Consciously changed your emotions or affect with respect to something

After my wife and I split up I still clung to some joint events with her and the children (brithdays...) which she wanted to separate further. During a family therapy session this I became clearly aware of this which increased my feelings of loss but also allowed to find a satisfactory solution. My fear was that the separation would increase unbounded at the cost for the children and at a loss of control on my side. But the fear was unfounded.

Consciously pursued new valuable information about something that could make a big difference in your life

Read Athol Kay's MAP and half through The Charisma Myth. The first could have made a difference earlier (but will likely do the next time. The second shows results already.
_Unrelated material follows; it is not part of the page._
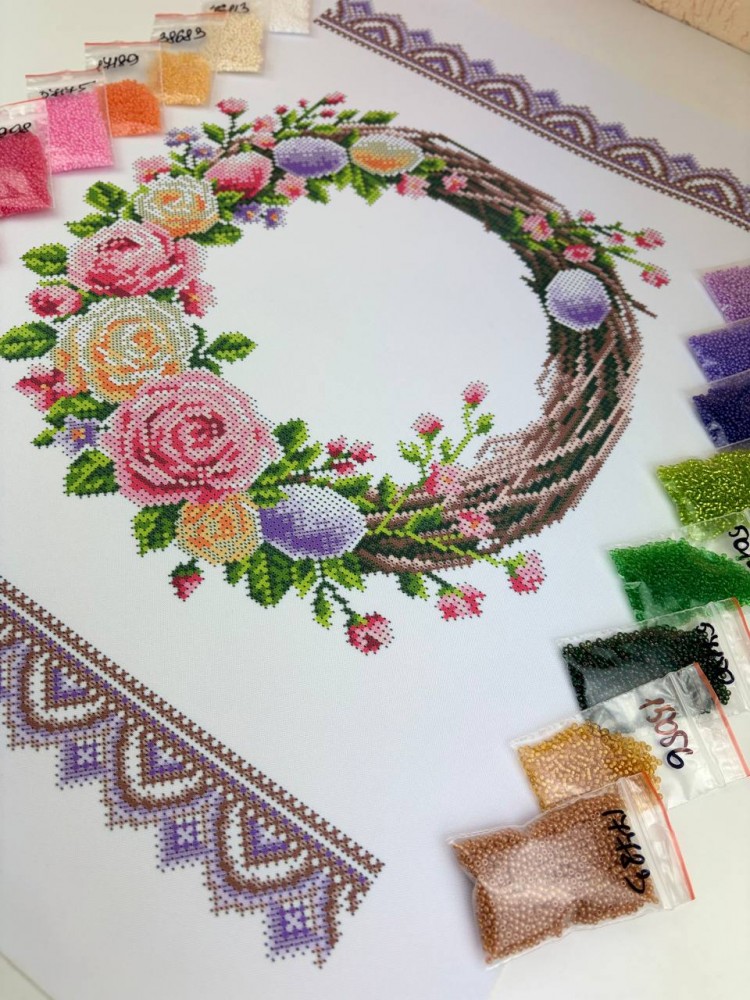Схема вишивки бісером на габардині Бісер арт Великодній Рушник РП-209

Tried doing any of the above and failed

I strongly consider taking some risk where I may fail. I'm strongly risk-averse and would normally go down the easier path. But this job opportunity has clear chances and the risks aren't that bad after all.
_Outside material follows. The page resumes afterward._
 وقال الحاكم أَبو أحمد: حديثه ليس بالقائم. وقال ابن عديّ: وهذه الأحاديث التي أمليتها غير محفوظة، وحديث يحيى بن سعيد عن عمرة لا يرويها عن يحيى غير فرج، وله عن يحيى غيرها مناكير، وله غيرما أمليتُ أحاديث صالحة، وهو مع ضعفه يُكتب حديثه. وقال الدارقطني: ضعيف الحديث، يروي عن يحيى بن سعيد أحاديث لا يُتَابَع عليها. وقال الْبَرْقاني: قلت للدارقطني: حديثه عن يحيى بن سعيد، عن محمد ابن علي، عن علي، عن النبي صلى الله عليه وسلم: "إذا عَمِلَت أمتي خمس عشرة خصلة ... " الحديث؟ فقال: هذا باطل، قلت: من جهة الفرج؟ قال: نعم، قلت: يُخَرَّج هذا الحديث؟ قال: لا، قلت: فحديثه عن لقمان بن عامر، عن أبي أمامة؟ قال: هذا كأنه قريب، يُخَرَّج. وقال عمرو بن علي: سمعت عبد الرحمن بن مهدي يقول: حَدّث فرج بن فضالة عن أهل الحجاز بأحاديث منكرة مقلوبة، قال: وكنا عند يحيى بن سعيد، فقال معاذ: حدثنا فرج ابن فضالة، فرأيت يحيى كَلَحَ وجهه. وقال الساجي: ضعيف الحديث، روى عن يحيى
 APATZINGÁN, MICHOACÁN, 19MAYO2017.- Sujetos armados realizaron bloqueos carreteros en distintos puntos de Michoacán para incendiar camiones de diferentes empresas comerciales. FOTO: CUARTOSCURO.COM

Just noticed... Why does this say 'instrumental' rationality? When was that decided, when did it start? I originally suggested the rationality diaries with intent of them being both epistemic and instrumental.

I think it started in http://lesswrong.com/lw/cew/group_rationality_diary_51412/

which was inspired by a CFAR's "applied rationality" minicamp, and presumably interpreted "applied" as "instrumental".

First rationality diary I can find on LW: 2012-05-14. This one already says "instrumental". It doesn't say it was your idea and seems to imply it was someone else's (which might, among several possibilities, indicate that it isn't actually descended from the original suggestion you have in mind here).

It was in the Received Text, so, no particular reason AFAIK. It seems like the bullet points cover both kinds?

I've sort of internalized the idea that everything is, at least in principle, a solvable problem. And more importantly, that this corresponds without conflict to the normal way that I go around being good and human when not operating under the rationalist guise.

I'd say rationalism often takes this in-principle role in my thinking, providing a meta-level solution to extremely hard problems that my brain is already trying to solve by non-rationalist means. In the example set by the recent months in my life, I've had an extremely hard time reconciling my knowledge that I'm the one to blame for all of my problems, with the idea that I shouldn't feel guilty for not being perfect at solving all of my problems. This is a very human question that's filled to the brim with mental pitfalls, but I've been able to make a little progress by recognizing that, by definition and method, instrumental rationality is actually equivalent to making myself good and awesome, whether or not the on-paper rationalist method is the one my brain is using most of the time. I'm better capable of realizing that the human inability to be theoretically optimal is subsumed by human rationality, that the only optimal that exists is the kind that is actual, and that all that is left to do is take the infinite stream of possible self-improvements you can think of and start checking them off the list.

And so, when faced with something that seems next to impossible to solve (e.g. finding somebody to love ) there's no reason to blame the world, myself, or my proclivity to blame the world or myself. There's only the chance to do the most possible fun thing, which is to enjoy the journey of being myself, where myself is defined as someone who ceaselessly self-improves, even when that means putting less pressure on myself to improve on the object level.

For a while the "weirdness" of Less Wrong made me want to shy away from really engaging with the people here, but I'd love for that to change. If everything is a solvable problem, and we only want to solve things that are problems, then either Less Wrong is just fine (and I can improve my perception), or it is sort of actually weird but can be improved. And I wouldn't mind contributing wherever this is possible.